Теперь батюшка не хотел разговаривать. А Кир хотел. От свинского пойла, что он сейчас выпил, на него такая разговорчивость напала — хоть стреляйся. Распирало аж. Нервное перевозбуждение, говорил психолог. Хули там нервное. Просто поговорить охота. С попом не так-то часто побазаришь. Жил-был поп, толоконный лоб. А я балда.
— Платят, спрашиваю, как?
— По-всякому..
— А ты почему в попы пошел?
— А что? — спросил батюшка с вызовом. Этот вызов Киру понравился. Но Кир не отставал:
— Из-за денег?
Батюшка насупил свои коротенькие белесые брови и сердито засопел, но так и не ответил.
— Нет, правильно, — как мог миролюбиво сказал Кир, — меня тоже достали уже, чуть что: ты же зарабатывать туда поехал…
— А ты не за этим?
— Ну, и за этим, конечно. На свадьбу хотел заработать… А ты давно рабо… служишь?
— Не очень.
— Сколько?
— Тебе-то какая разница?!
— Ну, сколько?
Батюшка вдруг начал краснеть еще сильнее. Алый цвет разливался по его круглому лицу так неудержимо, что Киру страшно стало: а ну как его сейчас кондрашка хватит? Нет, он с кулаками на меня полезет. Ну и громила, охуеть. Но батюшка в драку не полез.
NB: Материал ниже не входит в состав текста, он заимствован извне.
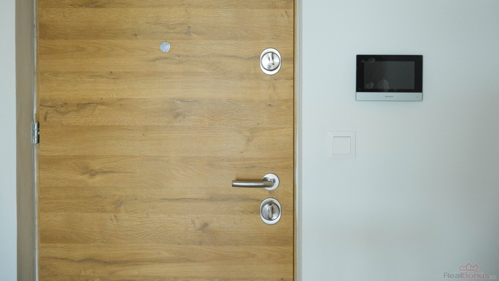 Vstupní dveře: Bezpečnostní dveře splňují třídu 3, certifikovanou dle platné normy, a zajišťují protihlukovou izolaci 44 dB, díky dvojitému těsnění a patentované konstrukci. Zároveň splňují protipožární třídu EI 30, což znamená, že dokáží zadržet požár mimo byt po dobu 30 minut.
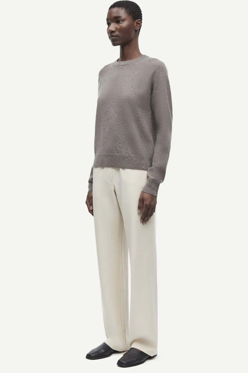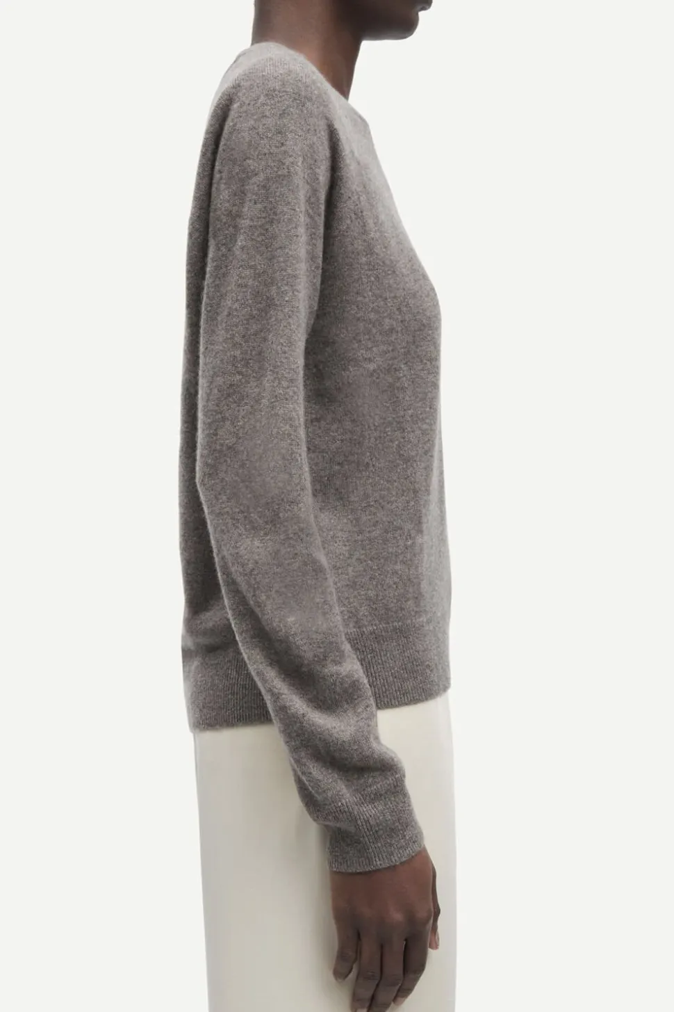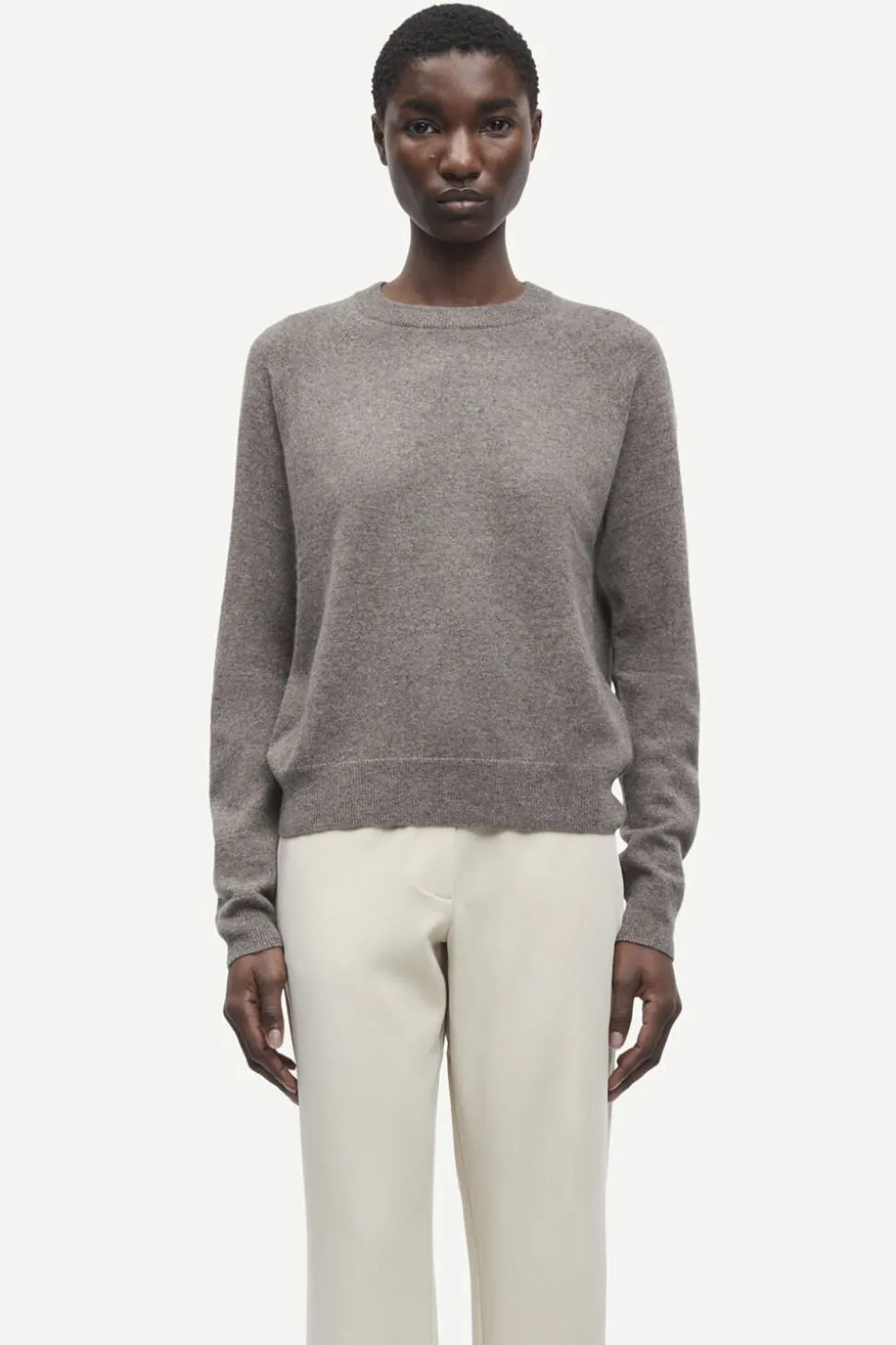 Sweater med løs pasform og raglanærmer Ribstrikdetaljer i den runde hals, manchetterne og forneden. Strikket i fin kvalitet. Hovedmaterialet er fremstillet af 100% kashmir. Dette produkt er GCS-certificeret. GCS understøtter den ansvarlige produktion af kashmiruld.
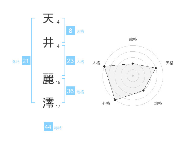 天井 麗澪さんの天格は8画の4点!
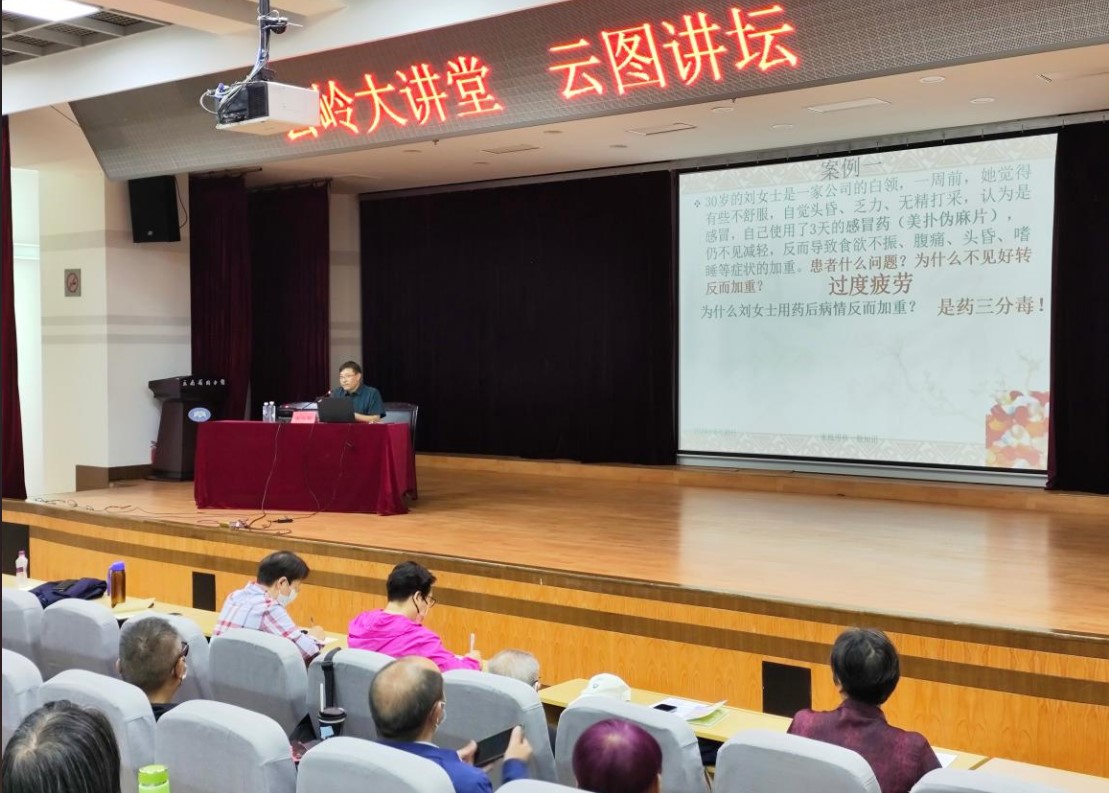 在日常生活中,药物的重要性不言而喻,其正确使用能有效缓解病痛,而误用则可能潜藏风险。2024年6月30日,“云岭大讲堂•云图讲坛”邀请昆明医科大学副教授杨建宇来到云南省图书馆,为公众带来了题为“家庭常备药的合理使用”的公益健康知识讲座。此次讲座,杨教授以药理学为基石,为现场百余名听众提供了极具实用价值的指导,受到听众好评和欢迎。
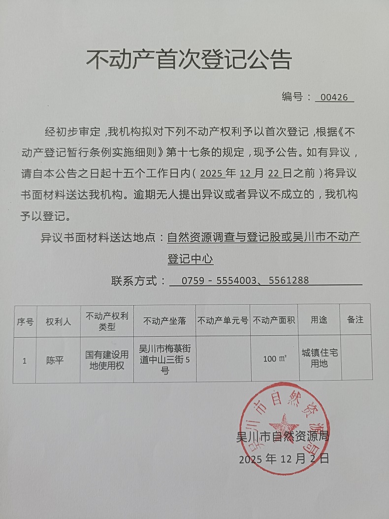 不动产首次登记公告(陈平)宗地面积:100平方米
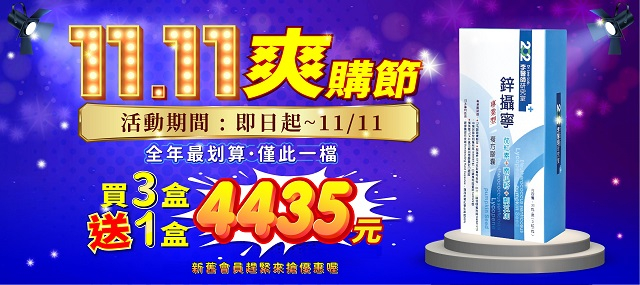 【預購】鋅攝寧雙11超殺優惠三送一搶購組
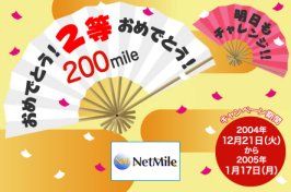 ネットマイルが年末年始百万マイルくじを開催している(12/21〜1/17)。毎日一回チャレンジできて、1等が当たると10,000マイル当たるらしい。昨日からやってみて今日もがらがら回してたら、2等が当たったよ。
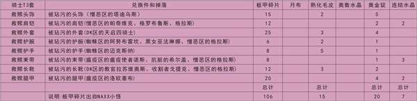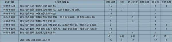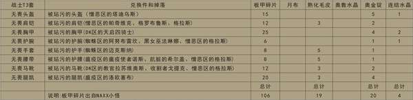 魔兽世界怀旧服全职业T3套装兑换表一览
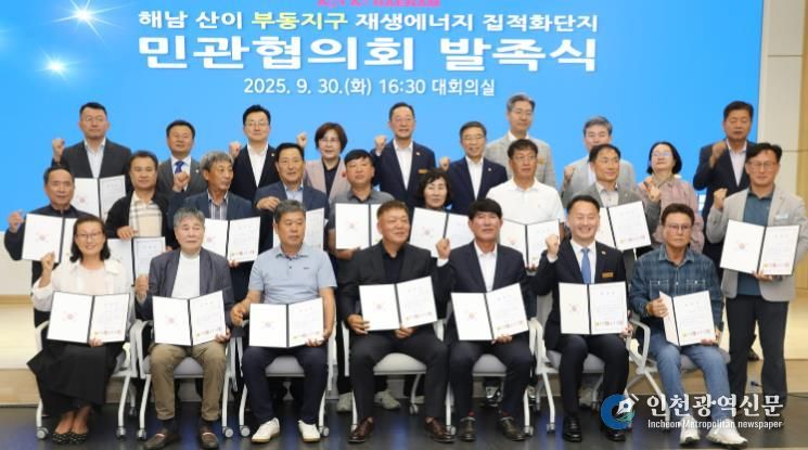 [인천광역신문] 관리자 기자 | 해남군은 9월 30일 해남군청 대회의실에서‘해남 산이 부동지구 재생에너지 집적화단지 민관협의회’발족식을 개최하고, 대규모 재생에너지 집적화단지 조성을 위한 본격적인 민관 협력 체계 구축에 나섰다.
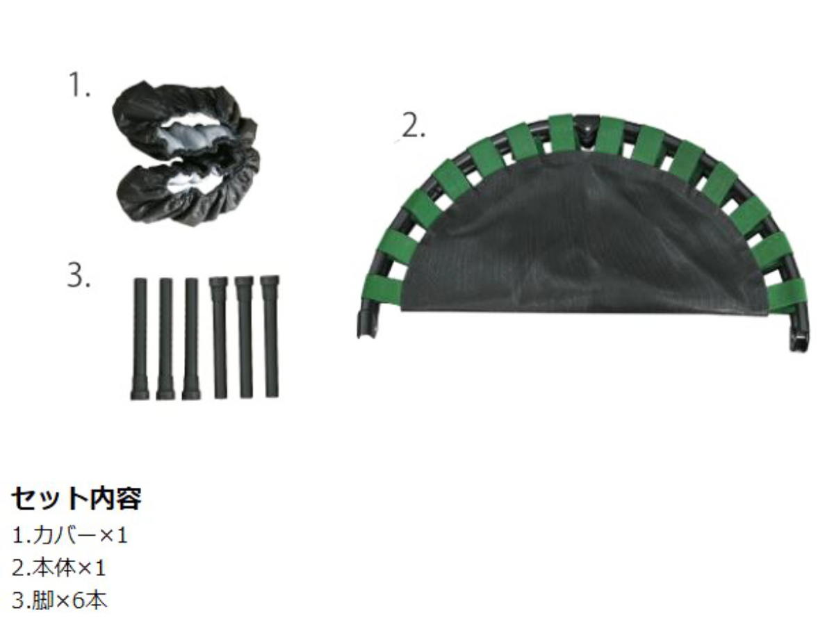 | 材質 | 帯:ゴム フレーム:スチール カバー:PVC マット:PP 脚:スチール 脚カバー:合成ゴム |
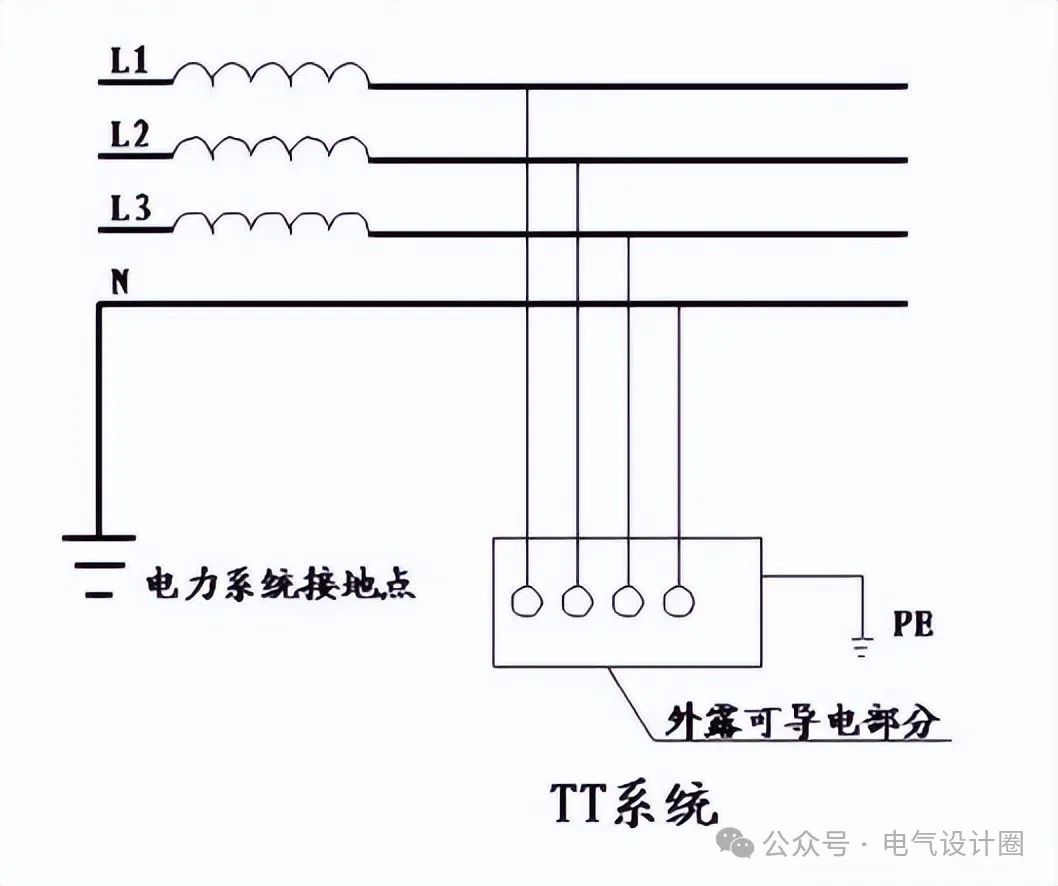 第一个字母 T 表示电源的中性点跟大地是连着的,I 表示跟大地是隔开的(就是说电源的中性点不接地,或者是经过高阻抗元件跟大地连着)。
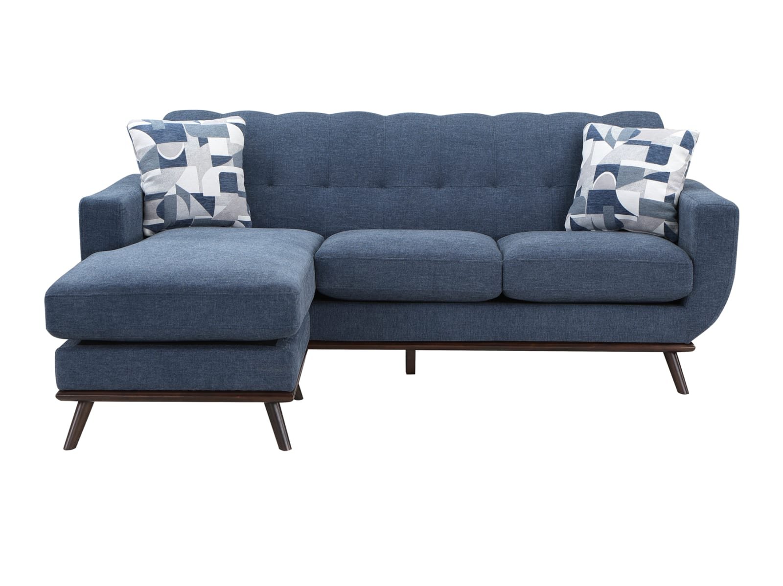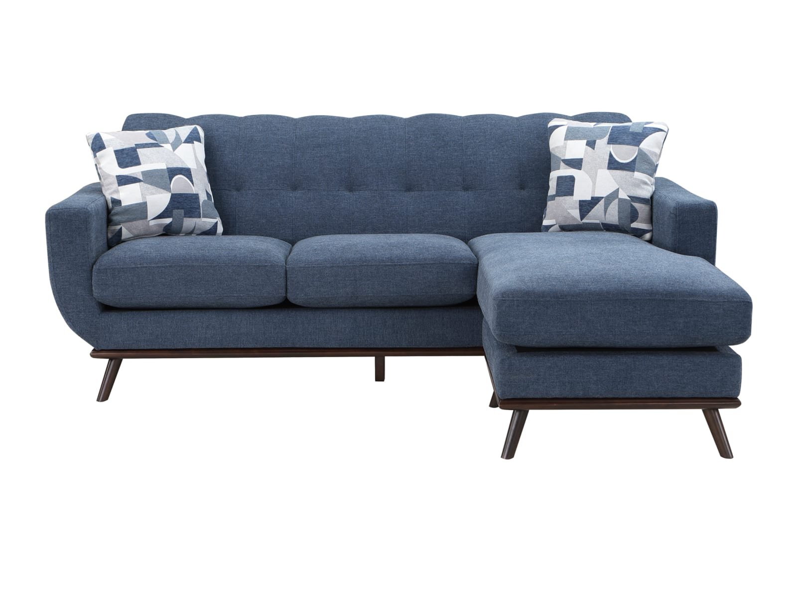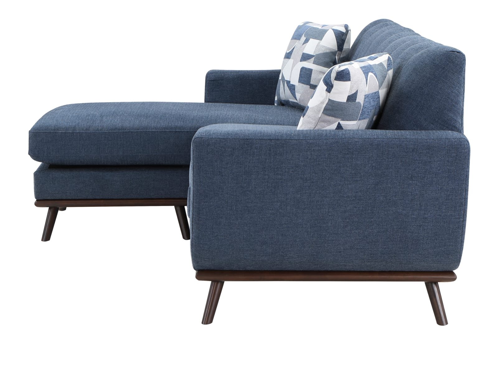Mid-Century Modern inspired design comprises the timeless look of the Arbor Vitae Collection. The sofa-chaise’s configuration allows for left or right-side placement of the extension ottoman for a perfect fit within your space. Gray or blue chenille covers the modern frame with geometric print toss pillows, walnut-finished wood base rail and legs providing complementing accent to the group. Contour stitching lends scalloped detail to the seatback’s profile, and front, while the prominent framing of the sofa-chaise’s arms solidifies it retro-inspired form. The collection also features reversible seat cushions.
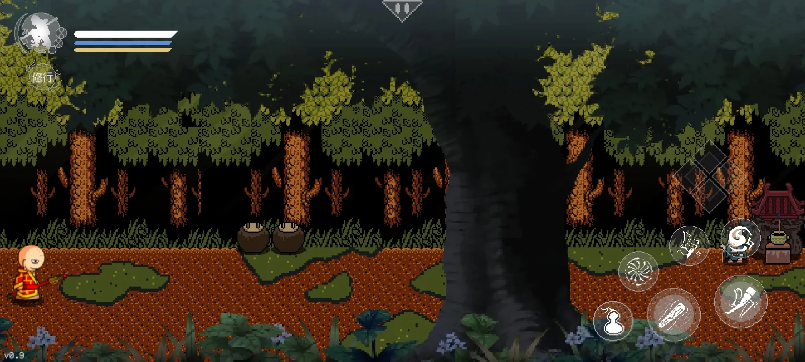 《黑神话像素版唐三葬模组国际版》是一款基于国产动作游戏《黑神话:悟空》改编的像素风格横版闯关手游,由B站UP主火山哥哥与阿铭敲厉害联合打造。该模组将经典角色孙悟空替换为其师父唐三藏法师,玩家可操控这位“物理超度大师”使用远程法术与近战法杖,在观音禅院、盘丝洞等十余个像素化场景中挑战小狼妖、金池长老、黄风大圣等经典BOSS。游戏完美复刻端游核心战斗机制,通过虚拟摇杆控制移动闪避,结合攻击与技能按键实现蓄力劈棍、棍花闪避等特色动作,同时融入“敲钟解锁区域”“打坐恢复能力”等探索元素,为玩家带来兼具怀旧情怀与创新体验的西游冒险之旅。
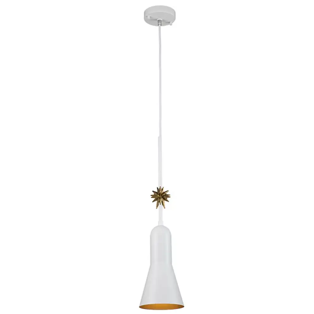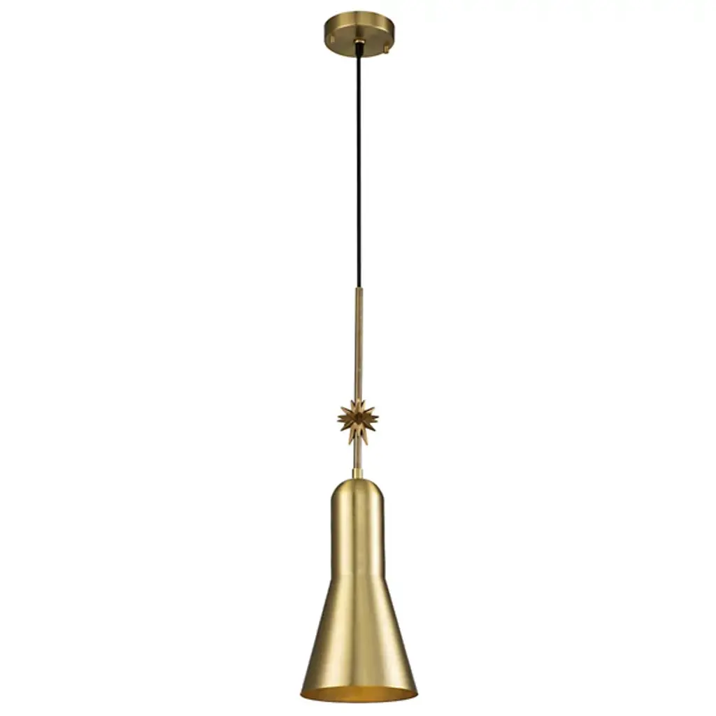 The Etoille Mini Pendant from Lucas McKearn blends industrial aesthetics and celestial elegance. Crafted from durable steel, the elegantly tapered shade encases a brilliant LED, casting a warm and inviting glow. The star-like embellishment above the shade adds charm, making it a standout piece in your living space. Suspended by a downrod attached to a ceiling canopy, this pendant illuminates your surroundings and brings a stunning design element to your home. Adjust the brightness level with a separately sold ELV dimmer.
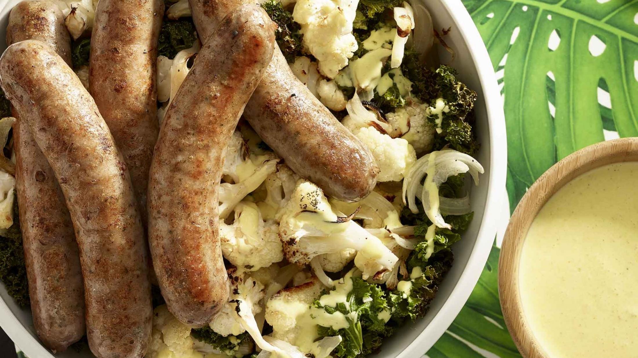 - On a second baking sheet lined with parchment paper, arrange the sausages and bake for 20 minutes.
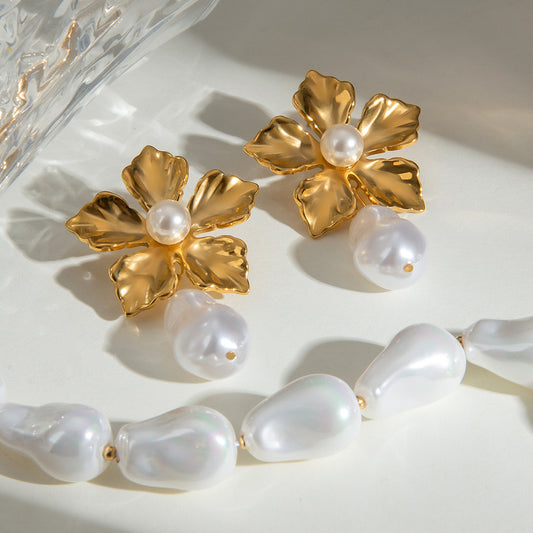 B廠 歐美款 LENA 天然石貝殼鈦鋼鍍18K金耳環「JDE2409048」24.12.W1 批發折扣@洽客服

Из его широченной груди вырвался вздох — смущенный, детский.
— В это воскресенье рукоположили, — сказал он.
— Так чего молчал, зема? — обрадовался Кир. — Это ж надо отметить!
Кир потянулся назад, ухватил за ушко пакет с бутылками, вытащил одну, сорвал пробку, налил в стаканчик пластмассовый до краев, протянул батюшке — так, для прикола. Батюшка не вытерпел:
— Слушай, хватит тебе, ты и так уже хороший.
— А буду еще лучше, — залихватски отвечал Кир. И сказал таким голосом, как генерал в «Национальных особенностях»: — Ну — за рукоположение! Тебя как зовут?
— Отец Сергий…
— Вах! Атэц! Тезка, блядь! Меня тоже Сергеем зовут. Атэц… Анекдот знаешь? Ара играет в шахматы… ладно, не буду, он из одних матюков. Еще угодишь через меня в эту… в гиену огненную… Слушай, Серега… А рукоположение — это как? Ну, ставят вас строем и присягу принимаете? Или экзамены, как на гражданке?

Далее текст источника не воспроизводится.